##### Information provided

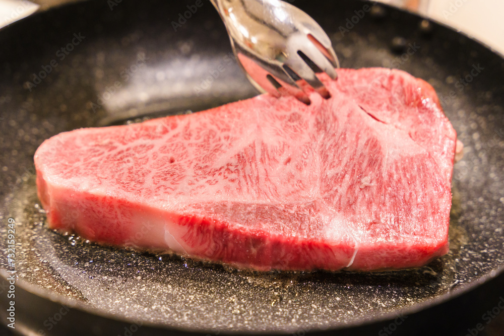 Papier peint 霜降りぎ牛ステーキをフライパンで焼く
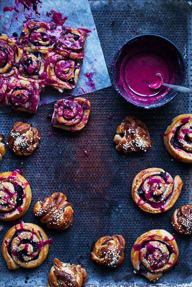 Starting with these beautiful Blueberry Buns with Blueberry Icing. So. Pretty!
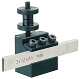 Inkl. zwei Stahlhalter-Elemente. Für schnellen Stahlwechsel und problemlose Höhenjustierung. Für Drehstähle 10 x 10 mm.
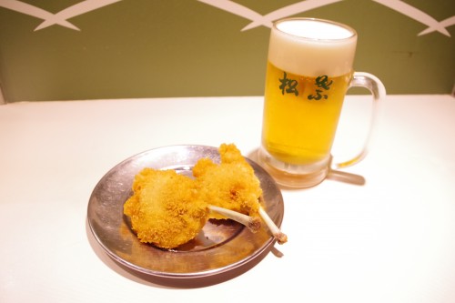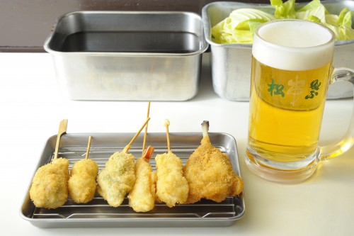 Siga apoyándose en Osaka local; y 70 años. Es la tienda que puede probar la carne de cerdo auténtica freída en un pincho en tiendas en la estación.

##########

An exact transcription of the material is required, without any pictures.

 Papier peint 霜降りぎ牛ステーキをフライパンで焼く
 Starting with these beautiful Blueberry Buns with Blueberry Icing. So. Pretty!
 Inkl. zwei Stahlhalter-Elemente. Für schnellen Stahlwechsel und problemlose Höhenjustierung. Für Drehstähle 10 x 10 mm.
 Siga apoyándose en Osaka local; y 70 años. Es la tienda que puede probar la carne de cerdo auténtica freída en un pincho en tiendas en la estación.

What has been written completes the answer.